What you should do: From the data underneath, reproduce exactly the stretch that begins at the line with "交易员Jelle此前一天在X" and ends after the line with "- Burgemeester J.J.".

Source material:

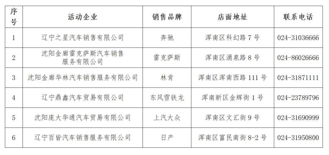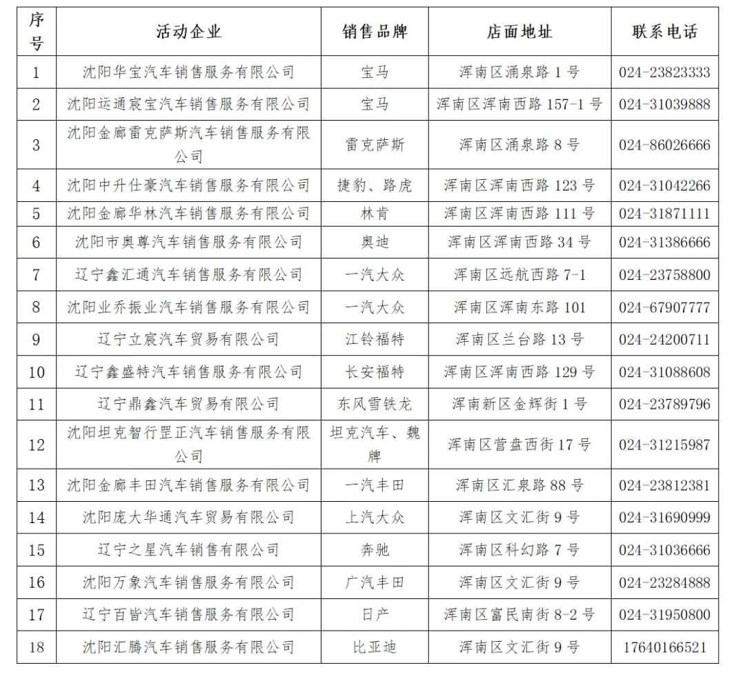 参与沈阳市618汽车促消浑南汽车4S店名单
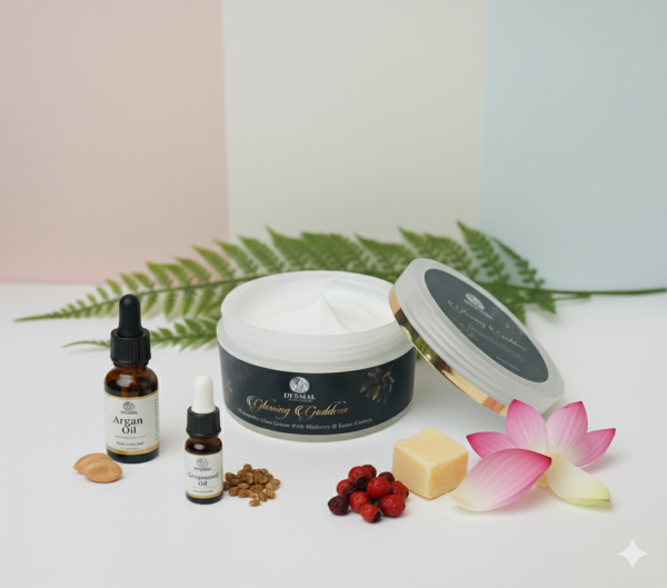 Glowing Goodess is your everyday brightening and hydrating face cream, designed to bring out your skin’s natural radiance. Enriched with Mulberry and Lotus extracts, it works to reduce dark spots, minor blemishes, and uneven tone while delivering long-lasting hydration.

==

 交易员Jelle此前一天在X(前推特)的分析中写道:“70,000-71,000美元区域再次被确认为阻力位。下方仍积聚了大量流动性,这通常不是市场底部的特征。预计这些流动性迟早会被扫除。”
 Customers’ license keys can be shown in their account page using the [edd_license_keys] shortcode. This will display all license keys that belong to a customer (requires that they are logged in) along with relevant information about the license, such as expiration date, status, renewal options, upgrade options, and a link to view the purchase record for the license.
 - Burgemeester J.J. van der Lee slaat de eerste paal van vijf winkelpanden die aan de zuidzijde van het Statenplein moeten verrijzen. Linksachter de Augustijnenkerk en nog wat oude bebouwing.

--

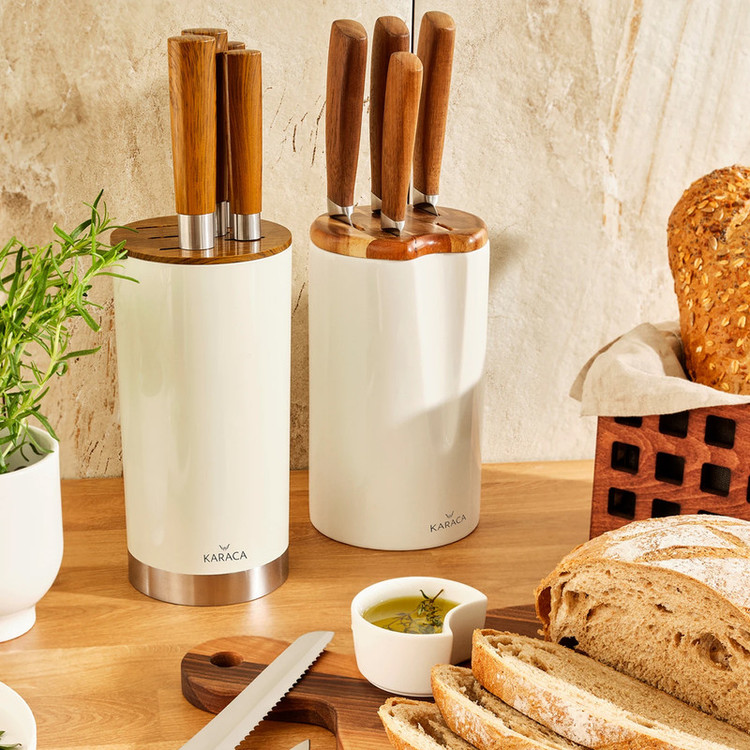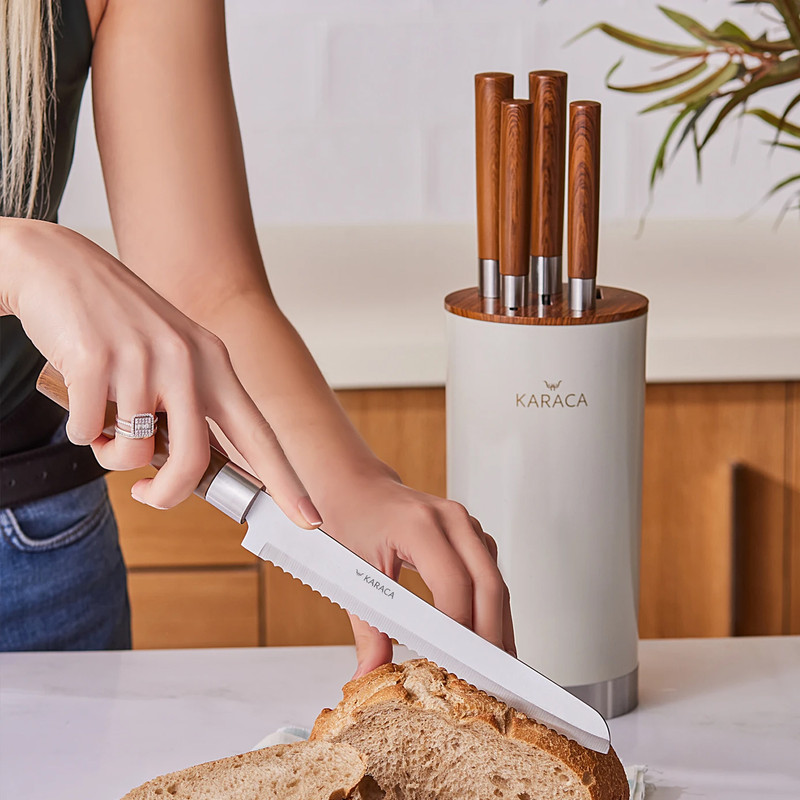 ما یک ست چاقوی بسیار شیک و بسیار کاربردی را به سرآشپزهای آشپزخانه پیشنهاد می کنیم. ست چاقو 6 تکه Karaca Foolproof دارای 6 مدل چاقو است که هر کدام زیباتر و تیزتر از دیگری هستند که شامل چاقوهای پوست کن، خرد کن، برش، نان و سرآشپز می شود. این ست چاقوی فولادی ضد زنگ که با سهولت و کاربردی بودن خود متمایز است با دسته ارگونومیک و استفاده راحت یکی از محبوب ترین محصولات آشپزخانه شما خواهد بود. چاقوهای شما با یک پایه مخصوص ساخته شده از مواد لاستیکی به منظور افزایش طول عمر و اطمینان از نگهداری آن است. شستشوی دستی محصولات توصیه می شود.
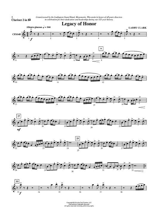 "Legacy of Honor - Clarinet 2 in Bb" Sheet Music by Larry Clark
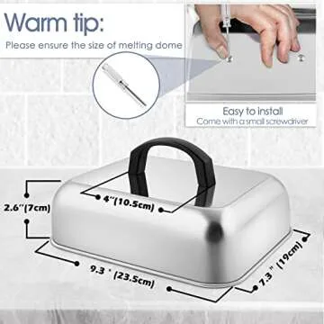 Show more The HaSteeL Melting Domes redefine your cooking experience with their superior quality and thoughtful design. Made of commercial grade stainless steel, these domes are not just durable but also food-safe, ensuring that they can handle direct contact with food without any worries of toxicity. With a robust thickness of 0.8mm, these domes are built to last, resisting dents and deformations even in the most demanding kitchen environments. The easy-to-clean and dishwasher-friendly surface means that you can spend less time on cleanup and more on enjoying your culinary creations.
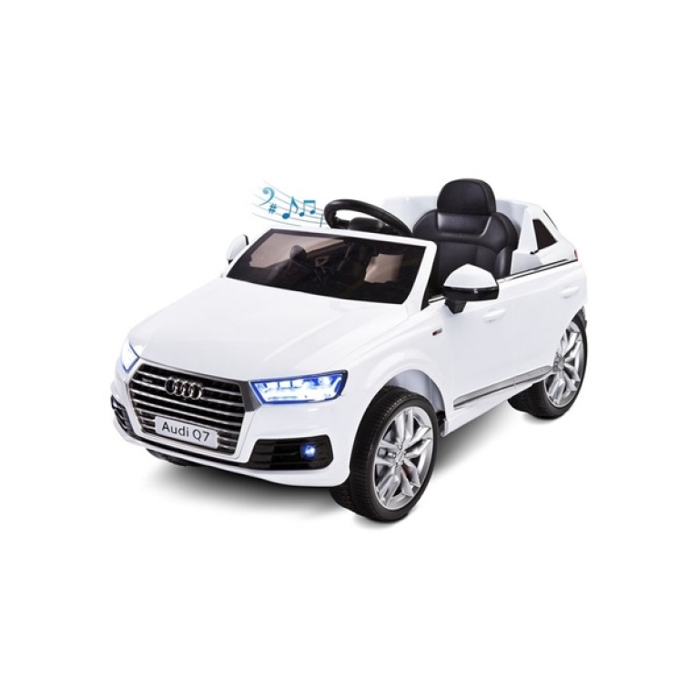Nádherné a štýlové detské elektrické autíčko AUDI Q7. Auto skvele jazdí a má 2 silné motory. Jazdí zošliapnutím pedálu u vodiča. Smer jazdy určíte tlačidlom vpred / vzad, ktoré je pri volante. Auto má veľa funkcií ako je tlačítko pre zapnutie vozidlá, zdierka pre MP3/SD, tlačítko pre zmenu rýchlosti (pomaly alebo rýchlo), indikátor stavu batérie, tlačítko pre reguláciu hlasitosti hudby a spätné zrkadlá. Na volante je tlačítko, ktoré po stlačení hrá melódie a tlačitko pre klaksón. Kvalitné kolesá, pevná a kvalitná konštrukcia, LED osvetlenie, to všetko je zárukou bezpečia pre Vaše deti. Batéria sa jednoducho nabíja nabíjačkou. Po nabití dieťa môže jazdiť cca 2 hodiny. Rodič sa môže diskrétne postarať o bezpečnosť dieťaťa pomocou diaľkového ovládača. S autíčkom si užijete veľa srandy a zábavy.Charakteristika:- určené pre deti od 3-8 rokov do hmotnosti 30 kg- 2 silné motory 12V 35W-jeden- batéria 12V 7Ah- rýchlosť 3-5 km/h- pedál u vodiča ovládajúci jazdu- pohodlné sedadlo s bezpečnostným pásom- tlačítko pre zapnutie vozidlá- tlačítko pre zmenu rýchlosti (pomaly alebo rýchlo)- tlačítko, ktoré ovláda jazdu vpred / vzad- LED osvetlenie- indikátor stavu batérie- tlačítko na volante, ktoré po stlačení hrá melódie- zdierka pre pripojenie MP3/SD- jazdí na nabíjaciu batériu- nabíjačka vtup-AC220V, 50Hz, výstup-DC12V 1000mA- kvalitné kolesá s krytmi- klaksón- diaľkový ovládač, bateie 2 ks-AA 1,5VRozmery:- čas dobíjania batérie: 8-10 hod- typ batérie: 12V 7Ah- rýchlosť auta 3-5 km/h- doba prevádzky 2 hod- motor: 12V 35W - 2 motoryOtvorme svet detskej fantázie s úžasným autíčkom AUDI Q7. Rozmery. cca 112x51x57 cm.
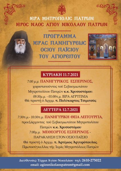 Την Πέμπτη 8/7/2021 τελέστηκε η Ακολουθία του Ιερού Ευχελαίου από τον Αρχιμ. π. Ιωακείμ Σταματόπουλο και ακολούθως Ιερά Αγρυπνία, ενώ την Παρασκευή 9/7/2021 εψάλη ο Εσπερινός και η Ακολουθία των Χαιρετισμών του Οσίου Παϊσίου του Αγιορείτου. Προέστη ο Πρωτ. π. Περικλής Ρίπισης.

Answer section:
 交易员Jelle此前一天在X(前推特)的分析中写道:“70,000-71,000美元区域再次被确认为阻力位。下方仍积聚了大量流动性,这通常不是市场底部的特征。预计这些流动性迟早会被扫除。”
 Customers’ license keys can be shown in their account page using the [edd_license_keys] shortcode. This will display all license keys that belong to a customer (requires that they are logged in) along with relevant information about the license, such as expiration date, status, renewal options, upgrade options, and a link to view the purchase record for the license.
 - Burgemeester J.J. van der Lee slaat de eerste paal van vijf winkelpanden die aan de zuidzijde van het Statenplein moeten verrijzen. Linksachter de Augustijnenkerk en nog wat oude bebouwing.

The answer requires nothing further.